# Connecting a Zune to my network



## BubblePuppy (Nov 3, 2006)

I have been trying to connect my Zune to my wireless network but without success. I've tried doing with the Zune desktop software, through the Zune itself. The Zune will find my network, but when it tries to connect I get the messege "Can't connect. Check password or try a different network. It will ask for my password, I put my password in yet I get the sme messege. I have the Linksys router, do I have to connect the Zune to the router first?


----------



## wilbur_the_goose (Aug 16, 2006)

I've done it, but I quickly turned it off. It's SLOW and it drains the battery.

But make sure you have your network SSID and passkey (you DO have an encrypted network, right?), and it should work. It's actually a similar process to hooking up a new wireless laptop.

You'll be a lot happier using the USB cable, though.


----------



## BubblePuppy (Nov 3, 2006)

wilbur_the_goose said:


> I've done it, but I quickly turned it off.
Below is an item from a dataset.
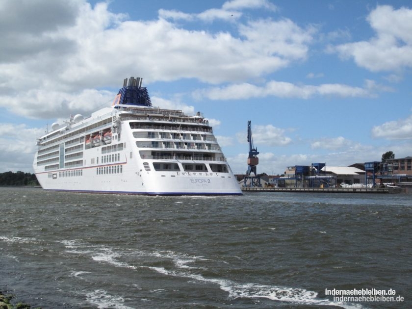 Ganz Insider warten wir gelassen die Europa 2 ab. Wir wissen, dass es gar nichts nützt, sich jetzt an der Fähre die Beine in den Bauch zu stehen. Die Schwebefähre schwebt eh erst wieder, wenn das Kreuzfahrtschiff vorbei ist – und auch alle Containerriesen und Tanker, die sich in ihrem Schlepptau gestaut haben. Von der Schiffsbegrüßungsanlage wehen Fetzen der Traumschiff-Melodie über den Kanal. Irgendwie, auf eine seltsame Art, ist Rendsburg echt abgefahren.

It's SLOW and it drains the battery.
> 
> But make sure you have your network SSID and passkey (you DO have an encrypted network, right?), and it should work. It's actually a similar process to hooking up a new wireless laptop.
> 
> You'll be a lot happier using the USB cable, though.


I finally figured out what I "wasn't doing" and that was saving my custom network settings in the Zune software. I was just entering the settings and clicking on connect.

And you are correct, it does drain the battery quickly.


----------



## smiddy (Apr 5, 2006)

I agree with the battery thing. But my main computer is up stairs and I prefer to have my Zune near the door just before I leave, so I have a USB cable there just for power and I do the network sync and it works great. You can buy a cable that plugs into the wall with a USB port just for power, which is what I use. Before I take a big trip however I connect it directly to the mother ship for movies and stuff.


----------